Henry Flear

Personal information
- Full name: Henry Flear
- Born: 21 January 1818 Nottingham, Nottinghamshire, England
- Died: 16 April 1852 (aged 34) Nottingham, Nottinghamshire, England
- Batting: Unknown

Domestic team information
- 1843: Nottinghamshire

Career statistics
| Competition | First-class |
| Matches | 1 |
| Runs scored | 9 |
| Batting average | – |
| 100s/50s | –/– |
| Top score | 9* |
| Balls bowled | – |
| Wickets | – |
| Bowling average | – |
| 5 wickets in innings | – |
| 10 wickets in match | – |
| Best bowling | – |
| Catches/stumpings | –/– |
- Source: Cricinfo, 18 May 2012

= Henry Flear =

English cricketer

Henry Flear (21 January 1818 – 16 April 1852) was an English cricketer. Flear's batting style is unknown. He was born at Nottingham, Nottinghamshire.

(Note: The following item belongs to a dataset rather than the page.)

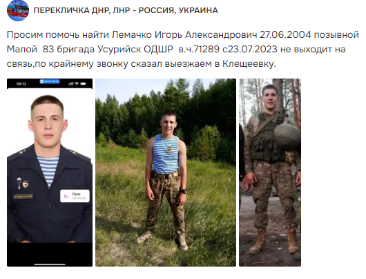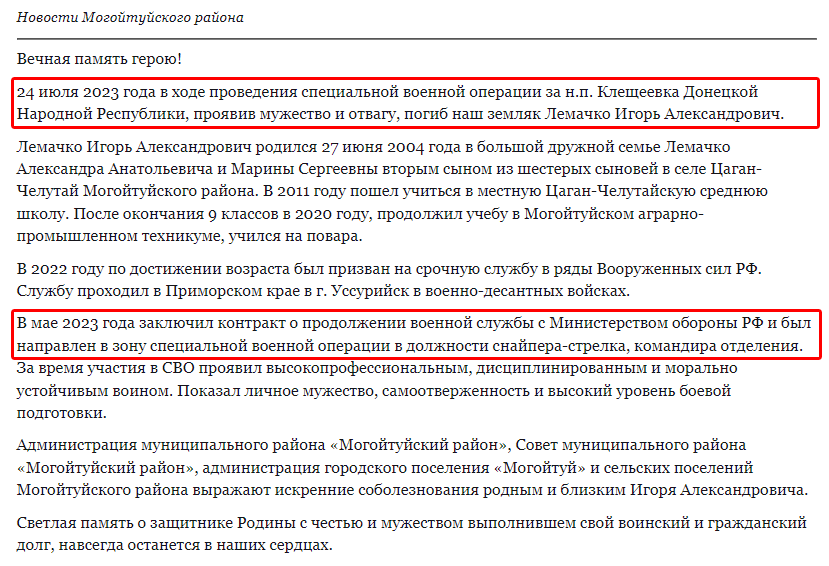 Скриншот сообщения о гибели
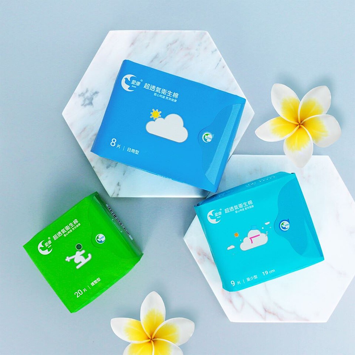 愛康衛生棉擁有七層結構,涼感的關鍵就來自當中的「好芯涼」芯片,以薄荷、茶樹精油及深海礦物元素,在散發涼感之餘還有淡淡草本香氣。

Flear made a single first-class appearance for Nottinghamshire against Sussex at Trent Bridge in 1843. Batting first, Nottinghamshire made 326 all out, with Flear ending the innings not out on 9. In response, Sussex were dismissed for just 33, and were forced to follow-on, making an improved 262 all out. Despite this Sussex still lost the match, with Nottinghamshire winning by an innings and 31 runs. This was his only major appearance for the county.

He died at the town of his birth on 16 April 1852.